I am also seeing the same.

I noticed:

  1. C:\'Program Files'\Amazon\AmazonCloudWatchAgent\amazon-cloudwatch-agent-ctl.ps1 -a fetch-config -m ec2 -c file:\temp\cloudwatch-agent-config.json works fine when I later connect to the EC2 and run this command manually. But it will fail when running as a part of user data.
  2. It only starts to happen this week. The same AMI that used to be fine last week is not ok this week. When I inspect the good EC2 from last week, I find the cloudwatch agent downloaded from https://s3.amazonaws.com/amazoncloudwatch-agent/windows/amd64/latest/amazon-cloudwatch-agent.msi in my user data script is a different version.

Last week, https://s3.amazonaws.com/amazoncloudwatch-agent/windows/amd64/latest/amazon-cloudwatch-agent.msi returns Amazon CloudWatch Agent 1.300026.3 (2023-08-21), while this week, it's Amazon CloudWatch Agent 1.300028.1 (2023-09-18). Hence, I suspect it's an issue related to the latest version(s) of cloudwatch agent.
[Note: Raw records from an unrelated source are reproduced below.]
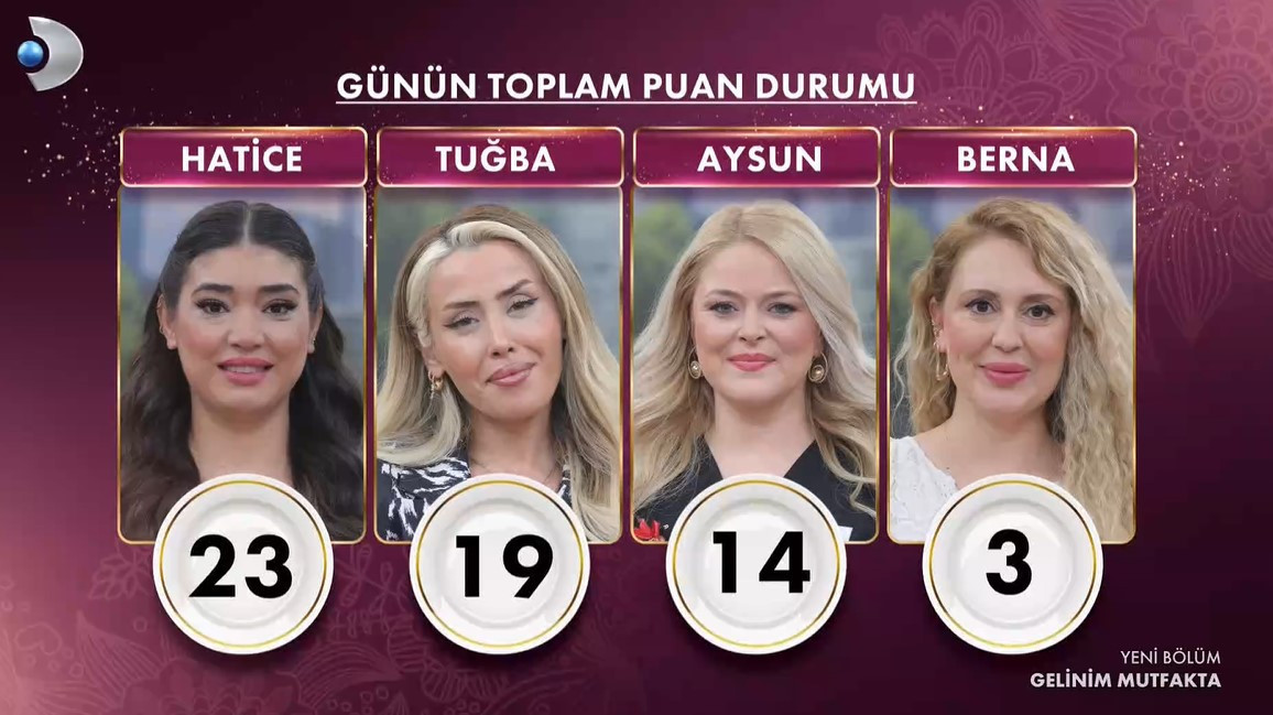 Gelinim Mutfakta 20 Nisan 2026 puan durumu açıklandı. Gelinim Mutfakta bugün günün tanımını en yeterli yapan Tuğba, Hatice, Aysun ve Berna gelinden biri Gelinim Mutfakta günün birincisi oldu ve yarım altını yakasına taktı. Pekala, Gelinim Mutfakta bugün kim 1. oldu, altını kim aldı? İşte, Gelinim Mutfakta puan durumu 20 Nisan 2026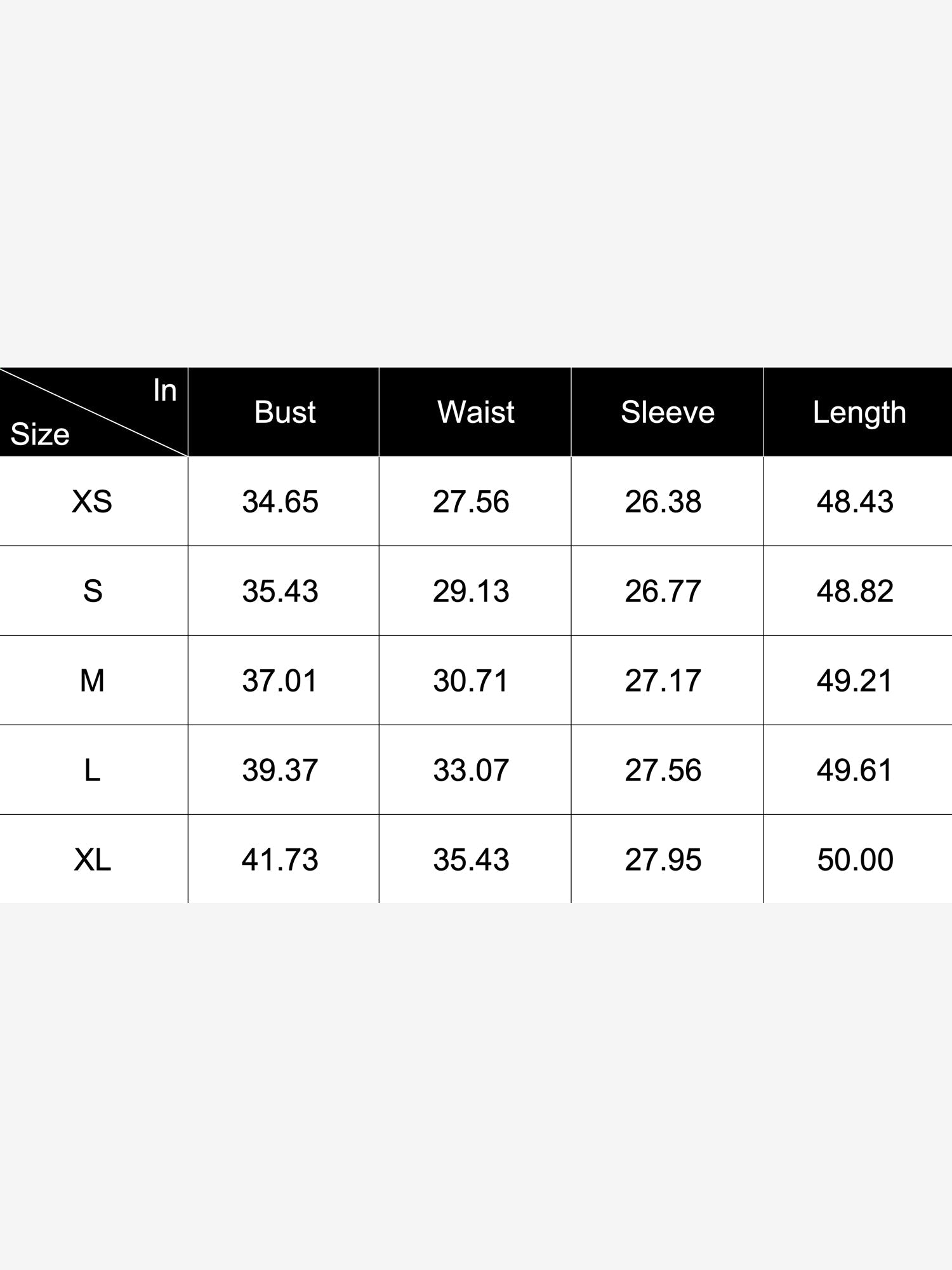 | Size | Bust | Waist | Sleeve | Length |
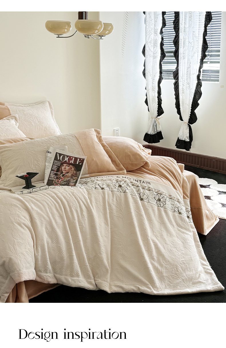 居易简 2025新款法式轻奢全消光牛奶绒雕花拼接刺绣四件套-丛林猎豹(含无纺布包装) 丛林猎豹-奶油粉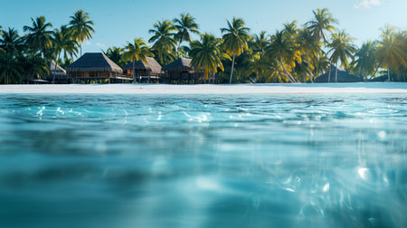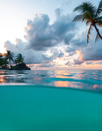 A tranquil tropical island with lush palm trees, surrounded by crystal-clear blue waters, under a serene sky.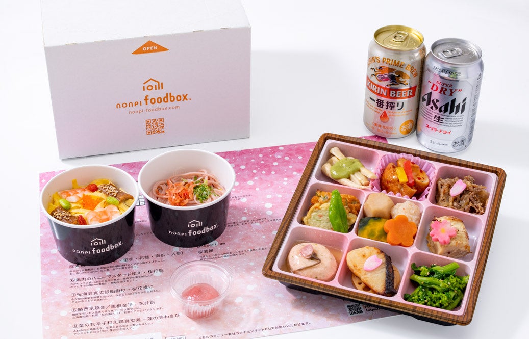 この度、nonpi foodbox® for onlineの人気シリーズである高級和食の老舗「神田明神下みやび」とのコラボレーション商品から、春の味覚の食材をふんだんに使用したプランをご用意しました。彩り華やかに仕上げた9種アラカルトの他、「ちらし寿司」や桜の風味を感じる「桜そば」、甘味にはつるっともっちりした可愛いらしい「葛餅」をお付けしました。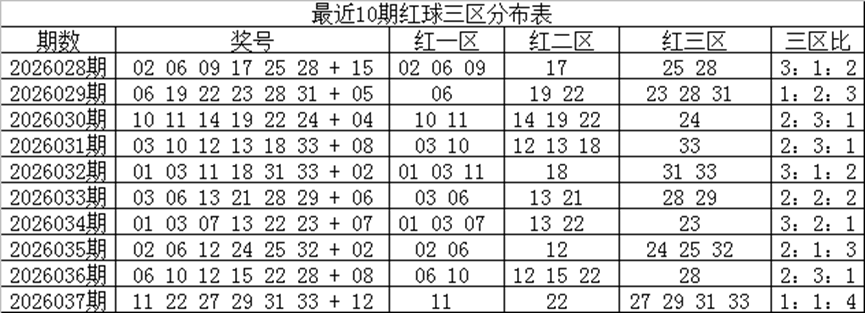 关键词六:红球三区分布: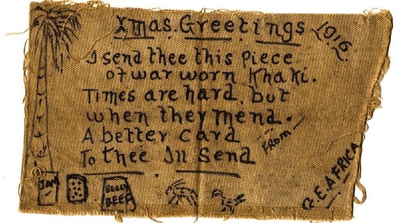25 декабря 2025 Рождественская открытка от британского солдата, Германская Восточная Африка, 1916 год. Рождественские поздравления. "Посылаю тебе кусок военной формы цвета хаки. Времена тяжелые, но когда они улучшатся, я пришлю тебе открытку получше."

PS C:\Program Files\Amazon\AmazonCloudWatchAgent> cat .\CWAGENT_VERSION
1.300026.3b189

PS C:\Program Files\Amazon\AmazonCloudWatchAgent> cat .\RELEASE_NOTES -head 20
========================================================================
Amazon CloudWatch Agent 1.300026.3 (2023-08-21)
========================================================================

Bug fixes:
* Fix credential chain for new components
* Fix metric renaming for Windows Performance Counters
* Fix log stream name translation for EMF on ECS
* Reduce RPM installation time

========================================================================
Amazon CloudWatch Agent 1.300026.2 (2023-08-10)
========================================================================

Bug fixes:
* Fix EMF log corruption when multiple clients are sending concurrently
* Drop invalid EMF logs
* Allow environment variables in OTEL config
* Revert credential chain when running as a service to prioritize instance role
PS C:\Program Files\Amazon\AmazonCloudWatchAgent> cat .\CWAGENT_VERSION
1.300028.1b210

PS C:\Program Files\Amazon\AmazonCloudWatchAgent> cat .\RELEASE_NOTES -head 20
========================================================================
Amazon CloudWatch Agent 1.300028.1 (2023-09-18)
========================================================================

Bug fixes:
* Fix windows event logs to start only once

========================================================================
Amazon CloudWatch Agent 1.300028.0 (2023-09-11)
========================================================================

Bug fixes:
* Fix file pattern matching to support glob wildcard characters (!{})
* Use LogStreamName instead of ServiceName in token replacement for Prometheus
* Add fallback shared config files for credential ordering to maintain previous AWS SDK behavior
* Drop unsupported NaN, Inf, and out of range values

Enhancements:
* Try using IMDSv2 only first before using client with fallback
* Add support for configurable IMDS retries in the common-config.toml

References:

I put this together to demonstrate the problem and assist with troubleshooting.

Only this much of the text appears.